- _Data to examine_:
┌────────
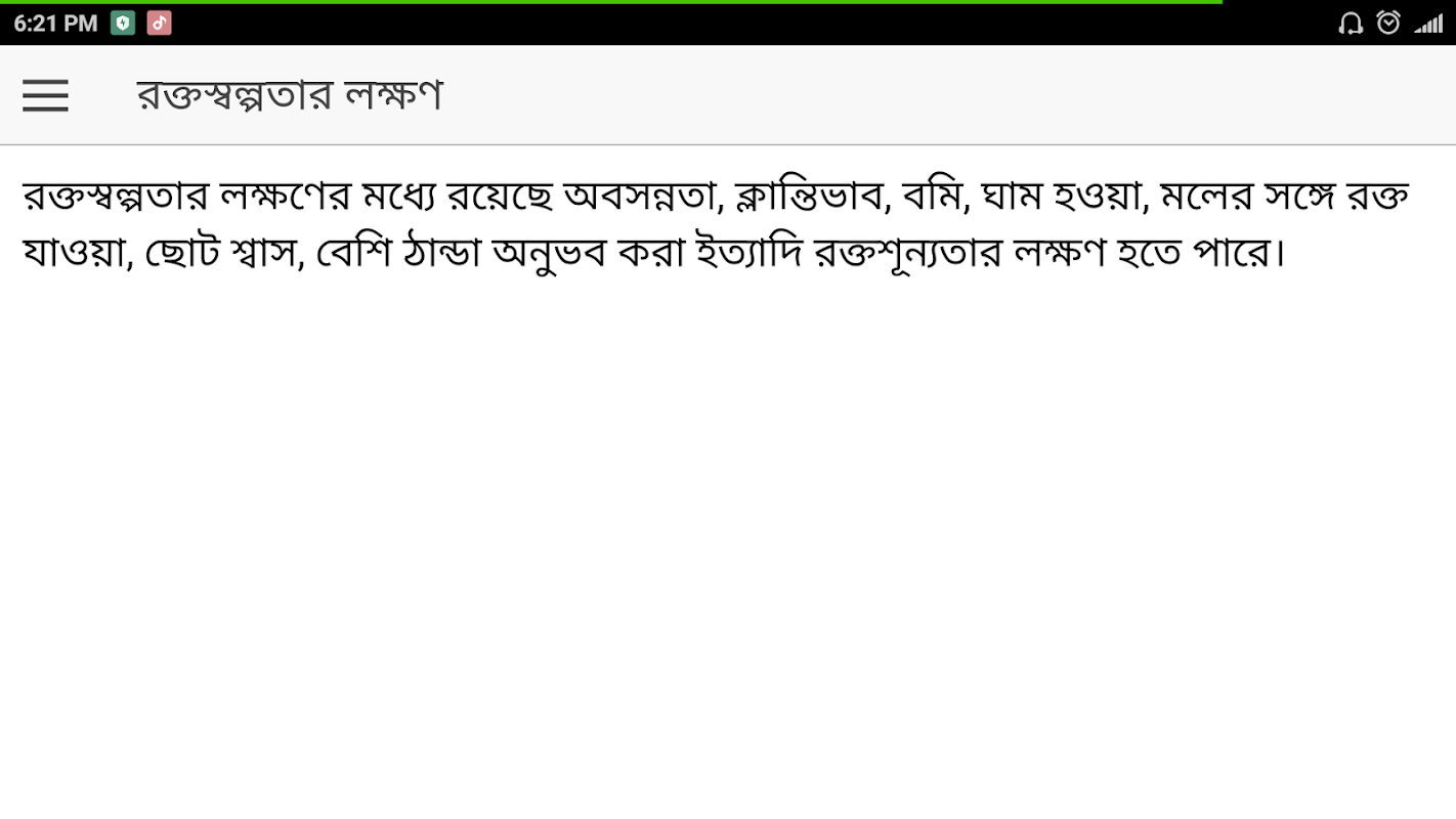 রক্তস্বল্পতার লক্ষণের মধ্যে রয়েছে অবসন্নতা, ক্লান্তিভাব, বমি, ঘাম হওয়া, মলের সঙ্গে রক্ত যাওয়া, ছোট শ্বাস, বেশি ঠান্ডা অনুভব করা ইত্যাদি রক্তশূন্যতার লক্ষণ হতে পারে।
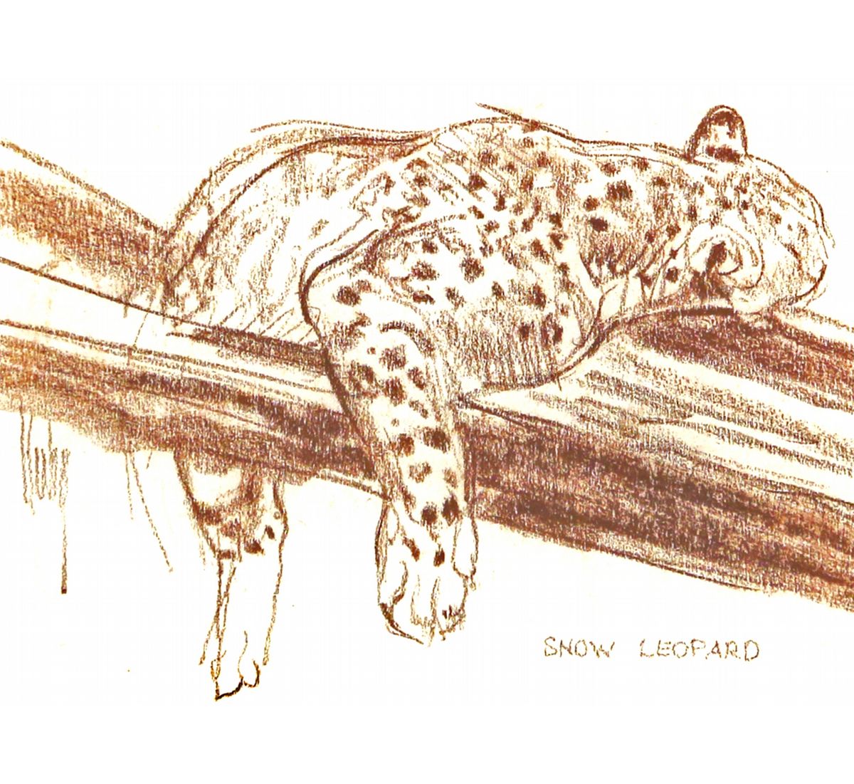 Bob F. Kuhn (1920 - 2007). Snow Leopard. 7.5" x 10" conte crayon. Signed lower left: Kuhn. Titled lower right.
└────────
┌────────
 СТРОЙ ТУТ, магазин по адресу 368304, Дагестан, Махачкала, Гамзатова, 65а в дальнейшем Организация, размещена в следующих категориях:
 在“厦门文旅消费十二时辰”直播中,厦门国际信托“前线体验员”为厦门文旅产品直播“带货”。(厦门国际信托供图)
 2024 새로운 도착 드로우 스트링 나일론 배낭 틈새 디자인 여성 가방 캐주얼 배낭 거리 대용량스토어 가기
└────────
┌────────
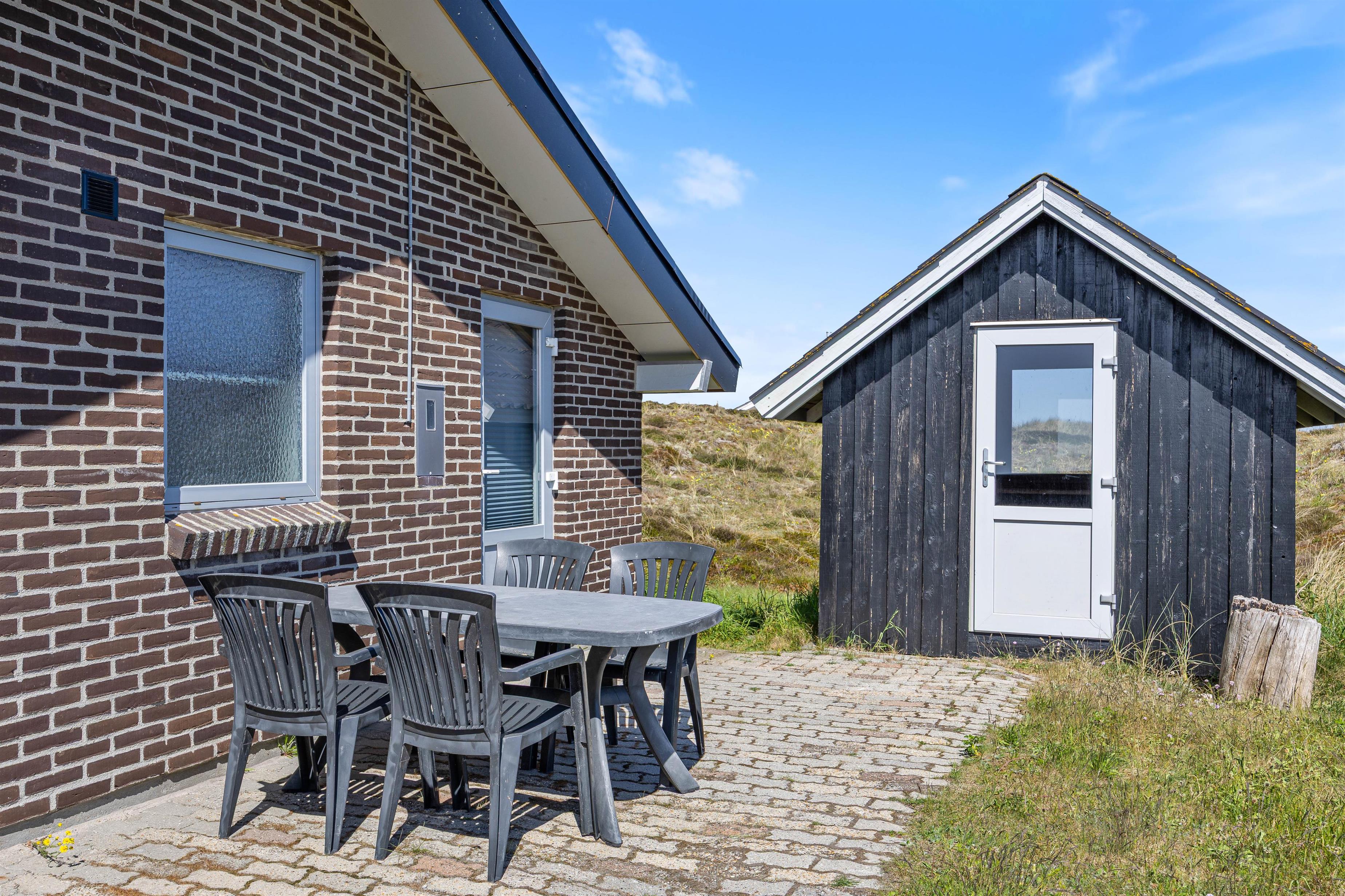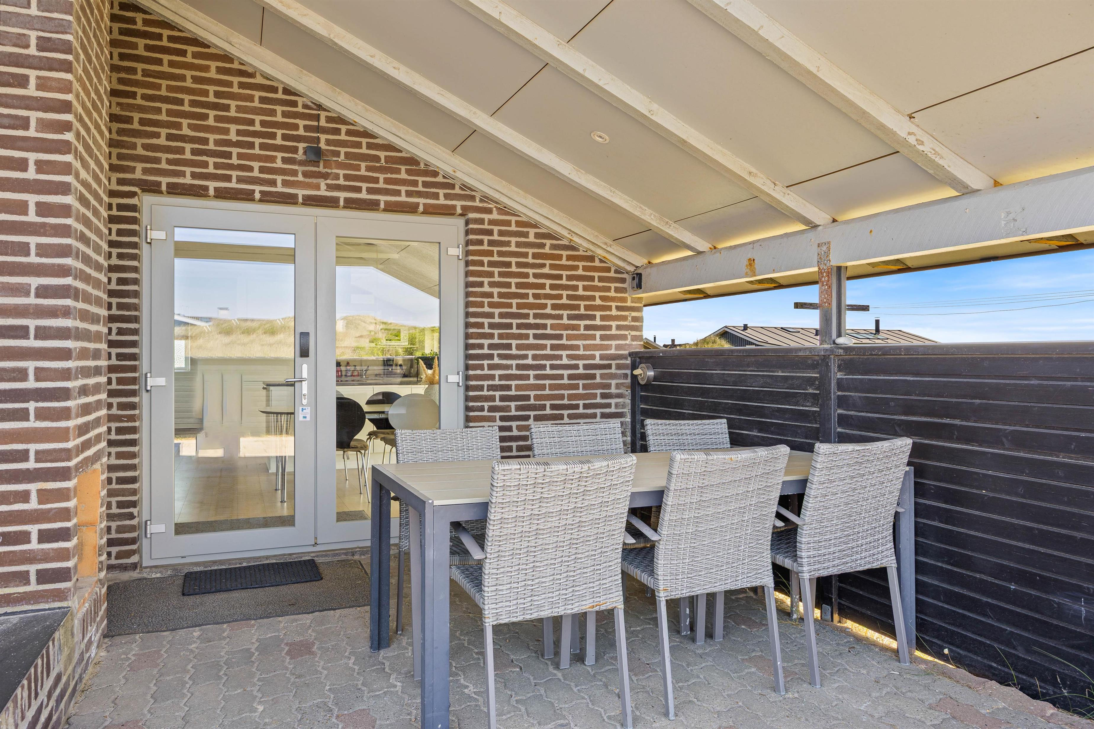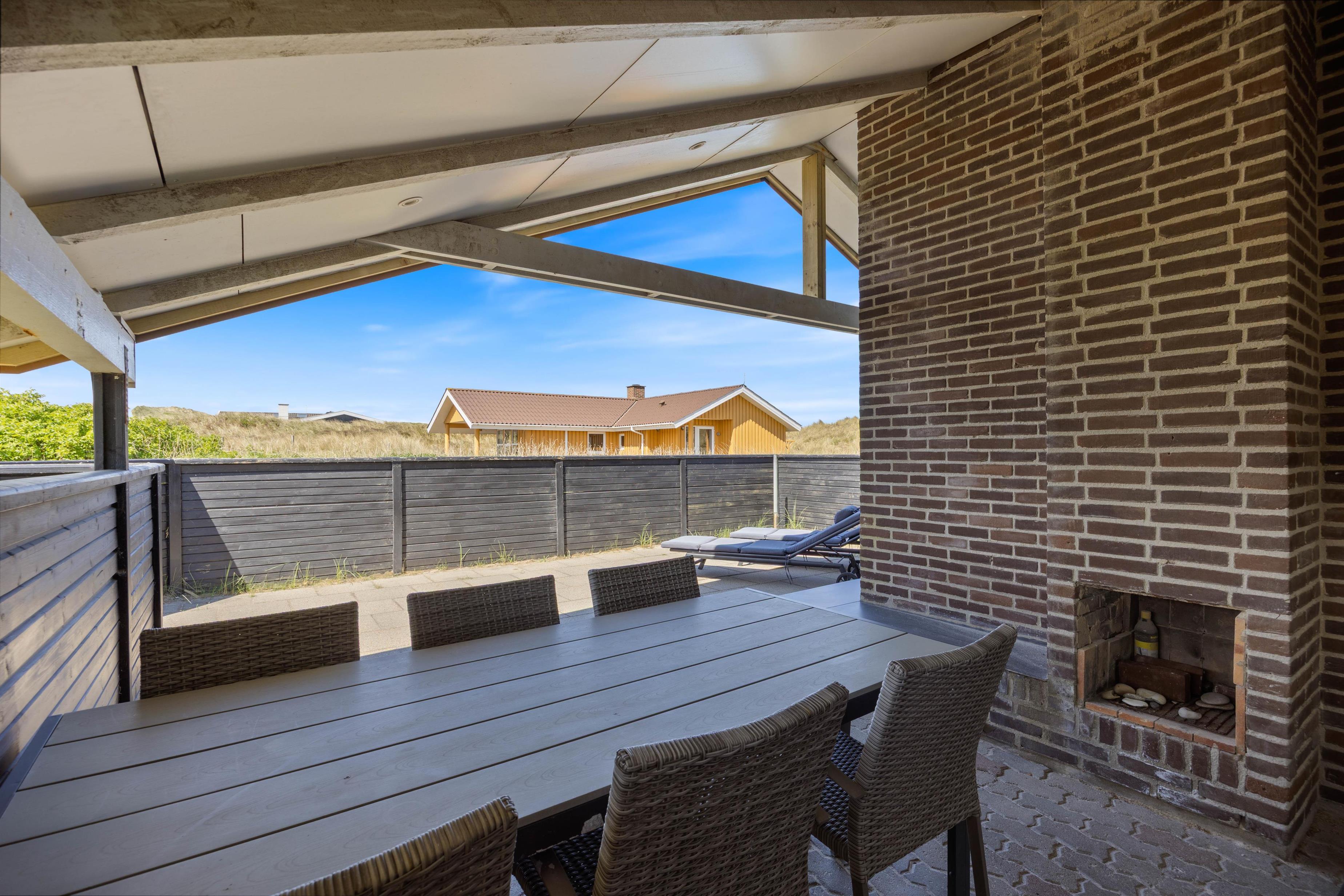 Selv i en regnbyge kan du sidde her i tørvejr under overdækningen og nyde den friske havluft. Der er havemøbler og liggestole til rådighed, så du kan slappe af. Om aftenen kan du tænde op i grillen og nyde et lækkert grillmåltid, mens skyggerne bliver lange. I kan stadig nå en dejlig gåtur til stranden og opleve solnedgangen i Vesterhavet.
└────────
Among the entries above, take the line with "রক্তস্বল্পতার লক্ষণের মধ্যে", the line with "Bob F. Kuhn", and all the lines between them, and restate them word for word without pictures.

- _Response to this exercise_:
 রক্তস্বল্পতার লক্ষণের মধ্যে রয়েছে অবসন্নতা, ক্লান্তিভাব, বমি, ঘাম হওয়া, মলের সঙ্গে রক্ত যাওয়া, ছোট শ্বাস, বেশি ঠান্ডা অনুভব করা ইত্যাদি রক্তশূন্যতার লক্ষণ হতে পারে।
 Bob F. Kuhn (1920 - 2007). Snow Leopard. 7.5" x 10" conte crayon. Signed lower left: Kuhn. Titled lower right.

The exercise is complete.